The 1968 US Men’s Olympic track and field team, arguably the greatest ever assembled, was honored today with the recognition of the Echo Summit, CA, US Men’s Track and Field Olympic Trials and high-altitude training site as a California Historical Landmark.

A crowd of several hundred gathered to celebrate the track and field legends who put their stamp on US social, cultural, and athletic history.

Members of the ’68 team in attendance were Tommie Smith, John Carlos, Ed Caruthers, Norm Tate, Reynaldo Brown, Larry Young, Tracy Smith, Mel Pender, Ed Burke, Geoff Vanderstock, and Bill Toomey. Smith and Carlos were the featured speakers.

Four world records were set during the Olympic Trials at the 7382’/2250m elevation of the Echo Summit site, chosen for its nearly identical elevation to that of Olympic host Mexico City.

The ceremony was at the same time touching and moving, high-spirited and celebratory. It had the look and feel of a family reunion. The eloquent remarks of the speakers were greeted with repeated and sustained standing ovations by the knowledgeable and enthusiastic crowd.

Bob Burns, former Sacramento Bee reporter and the force behind the recognition of Echo Summit, said, “Few teams mirrored the social climate of their times as much as the ’68 Olympic track team did the 1960s.”

Jill Geer, USATF Chief Public Affairs Officer, cited “the importance of these people not only to sport but to society.” Geer pointed out that while the team is rightly noted for its 12 Olympic gold medalists, 20 of its team members have been inducted into the USATF Hall of Fame. “This team was so good that you didn’t have to win a gold medal to make it to the Hall of Fame.”

California state historian William Burg said that of over 1,000 California historic sites, Echo Summit is “the only one associated with both sports and civil rights history.”

South Lake Tahoe Mayor Pro-Tem Brooke Laine paid tribute to Walt Little, South Lake Tahoe’s Recreation Director in the 1950s and ‘60s, who was instrumental in convincing Bill Bowerman, Director of the US Olympic High Altitude Training Program, to accept the Echo Summit bid.

Little’s sons, Walt Jr. and Bill, in a stirring memorial, revealed that their family had lost their house as their father had used mortgage funds to help pay for athletes’ food.

Walt Little, Jr., said that their father was motivated “because of the Olympians and what they stood for. Dad carved his dream of a track and field arena out of the ice, the snow, and the trees. Echo Summit became the most beautiful track and field arena the world has ever seen.”

John Carlos lauded Little as “an icon in the world of athletics.”

“We are proud to have been a small part of your success,” Little, Jr., said to the assembled athletes. “Welcome home.”

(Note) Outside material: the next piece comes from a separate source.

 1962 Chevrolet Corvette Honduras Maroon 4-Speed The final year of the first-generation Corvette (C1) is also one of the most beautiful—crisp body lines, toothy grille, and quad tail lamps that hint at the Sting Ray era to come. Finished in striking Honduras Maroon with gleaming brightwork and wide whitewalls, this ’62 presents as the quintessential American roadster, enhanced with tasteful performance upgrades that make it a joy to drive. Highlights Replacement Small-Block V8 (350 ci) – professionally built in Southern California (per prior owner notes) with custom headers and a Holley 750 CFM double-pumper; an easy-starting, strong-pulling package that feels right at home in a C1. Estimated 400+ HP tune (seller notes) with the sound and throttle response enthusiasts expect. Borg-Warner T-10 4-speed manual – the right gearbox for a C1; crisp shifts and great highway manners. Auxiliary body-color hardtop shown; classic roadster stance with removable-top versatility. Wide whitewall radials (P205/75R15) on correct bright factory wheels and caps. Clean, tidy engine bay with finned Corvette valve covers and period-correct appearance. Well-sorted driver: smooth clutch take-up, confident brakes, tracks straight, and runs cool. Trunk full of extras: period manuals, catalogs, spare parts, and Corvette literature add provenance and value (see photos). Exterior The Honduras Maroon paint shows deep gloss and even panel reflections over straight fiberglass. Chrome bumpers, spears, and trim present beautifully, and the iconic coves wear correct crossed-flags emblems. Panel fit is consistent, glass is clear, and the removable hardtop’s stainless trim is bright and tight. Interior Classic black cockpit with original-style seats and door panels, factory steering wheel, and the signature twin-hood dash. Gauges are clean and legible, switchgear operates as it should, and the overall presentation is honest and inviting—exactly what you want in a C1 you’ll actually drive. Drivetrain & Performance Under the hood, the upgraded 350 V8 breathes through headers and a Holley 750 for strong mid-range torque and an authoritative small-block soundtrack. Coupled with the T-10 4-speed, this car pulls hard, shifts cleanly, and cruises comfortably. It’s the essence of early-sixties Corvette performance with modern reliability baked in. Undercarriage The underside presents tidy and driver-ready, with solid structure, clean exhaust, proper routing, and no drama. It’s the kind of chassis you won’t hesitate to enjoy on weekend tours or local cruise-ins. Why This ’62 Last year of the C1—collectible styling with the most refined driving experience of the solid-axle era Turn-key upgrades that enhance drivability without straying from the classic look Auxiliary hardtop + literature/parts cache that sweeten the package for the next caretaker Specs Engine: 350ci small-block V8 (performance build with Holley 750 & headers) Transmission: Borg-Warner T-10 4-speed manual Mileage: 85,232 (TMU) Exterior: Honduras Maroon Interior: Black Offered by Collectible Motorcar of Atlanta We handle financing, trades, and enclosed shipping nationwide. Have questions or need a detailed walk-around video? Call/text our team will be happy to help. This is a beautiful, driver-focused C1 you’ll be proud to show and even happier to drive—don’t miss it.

My youth was marked by political violence: the assassination of the President when I was 11 and of Martin Luther King, Jr. and Robert Kennedy when I was 16. Shortly before the 1968 Olympic Trials began, there were riots at the Democratic National Convention in Chicago. Upon the opening of the Olympics in Mexico City, protests there were brutally suppressed. The 1963 March on Washington was peaceful, but by 1968 there was a growing divide in both the civil rights and anti-Vietnam War movements over what kinds of action to take.

That discussion was reflected in the choices made by athletes at Echo Summit. To boycott the Olympics or not? African-American athletes were under heavy pressure to do so. But all made the same choice: to represent their country in Mexico City.

When Tommie Smith and John Carlos, gold and bronze medal winners in the Mexico City 200m, took the victory stand and raised their glove-covered fists in silent protest, I was awestruck at the peaceful eloquence of their statement.

They spoke to the whole world without uttering a single word.

The next day, the US Olympic Committee, under threat by the IOC of having the entire US team disqualified from the Olympics, dismissed Smith and Carlos from the team and they were forced to leave Mexico City immediately.

Tommie Smith and John Carlos have been united for life by their singular act as young men. They have traversed the territory from outcasts to heroes. Their “protest on the victory stand in Mexico City is one of the iconic images of the 1960s and the civil rights movement,” said Burns.

After their peaceful protest, Smith and Carlos paid a heavy personal price, and it was common to find them denounced in the US media for what were characterized as unpatriotic acts.

“Mr. Smith and I, in particular,” said Carlos, “we were vilified.”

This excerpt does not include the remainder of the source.